Oddechy stały się coraz bardziej chaotyczne, a ból jeszcze większy.
- Zatrzymaj... to... - wyszeptała, z bólu wyginając ciało w łuk i zamykając oczy, starając odciąć się od rzeczywistości. Cierpienie nie znało jednak granic i nie pozwoliło jej stracić kontaktu z otoczeniem, rozkoszując się jej bólem.

Bonnie trzęsły się ręce, gdy pochylała się nad Caroline. Przez głowę przemknęło jej szybkie wspomnienie rozmowy z Eleną, kiedy przyjaciółka opowiadała, jak wyciągała odłamki drewnianego pocisku ze Stefana.

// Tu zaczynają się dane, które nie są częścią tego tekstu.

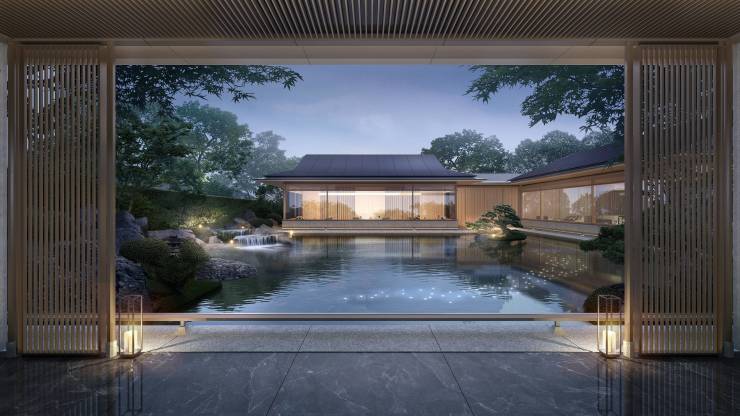 建面约219-391㎡联排别墅,新中式立面以灰白石材为骨,飞檐化入山脊轮廓。挑高阔厅,前庭后院,以“院藏山水、宅纳乾坤”致敬东方世家风范。
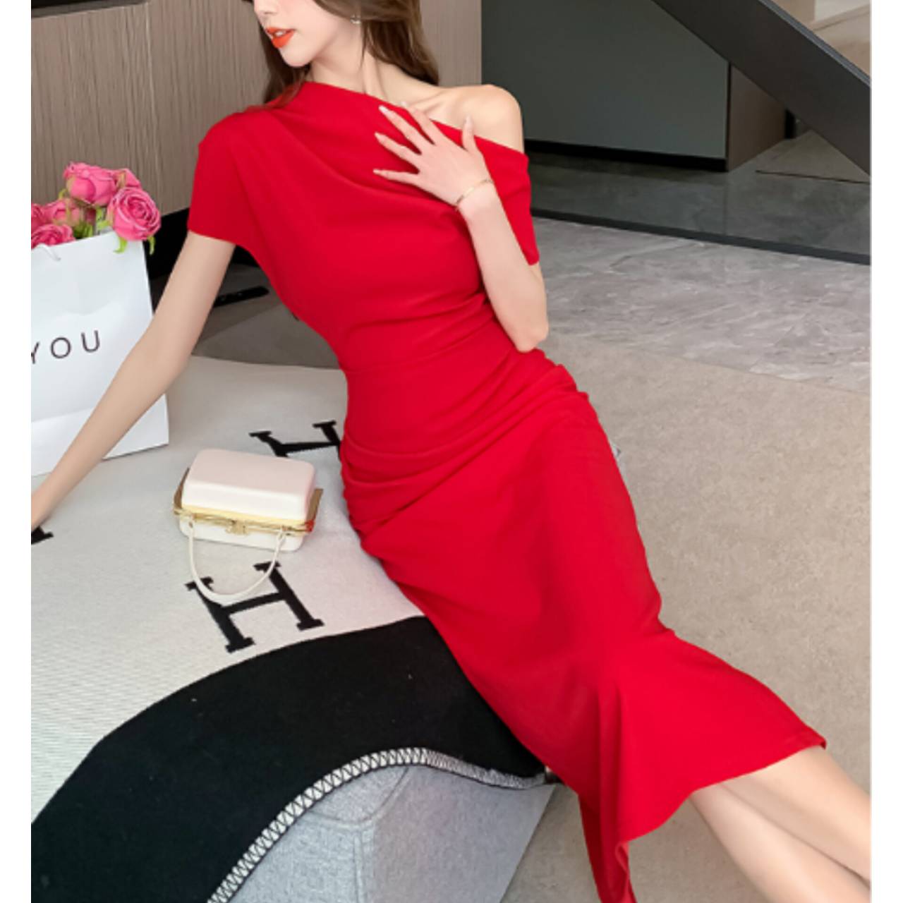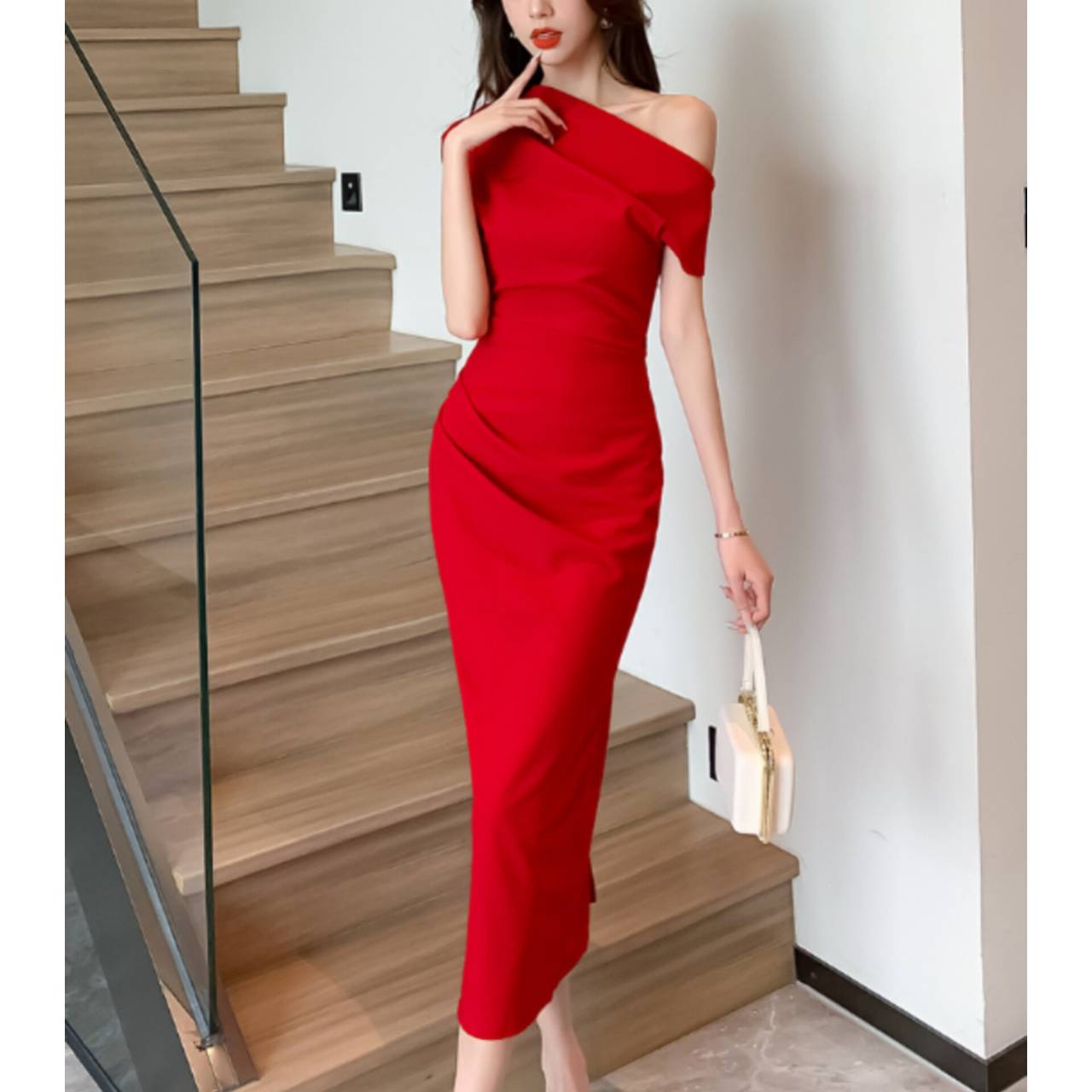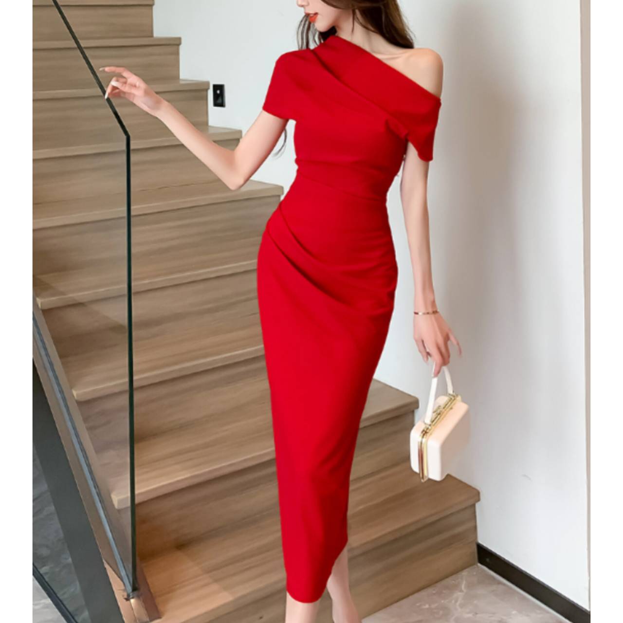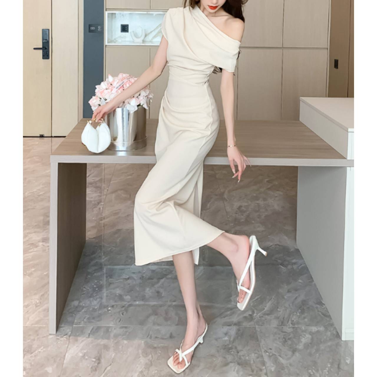 全4色 ドレス イブニングドレス 韓国ドレス ワンショルダー ワンショル ルーズショルダー ハイウエスト ミモレ丈 タイト バックスリット 美シルエット スタイルアップ S/XL 韓国 【K7636】

Teraz czarownica znalazła się w tej samej sytuacji. Nie wiedziała jednak, jaka broń znajdowała się w ciele Caroline, nie miała nawet pojęcia, jak blisko serca umieściły się odłamki, które dodatkowo ciągle się przesuwały. Nie chciała użyć magii, bo nie była pewna, czy nie wywołałaby rykoszetu w stronę życiodajnego organu.
Nie wiedziała, co robić.
Odsunęła koszulkę przyjaciółki. Widziała przemieszczające się pod skórą, szczególnie w okolicy mostka i obojczyka, drewniane odłamki. Musiała się pospieszyć.
Spróbowała wyjąć odłamki palcami, ale zachowywały się jak żywe, uciekając w prawą część klatki piersiowej. Caroline była bliska wycia z bólu.
Bonnie uspokoiła swój oddech i zamknęła oczy. Musiała zaryzykować.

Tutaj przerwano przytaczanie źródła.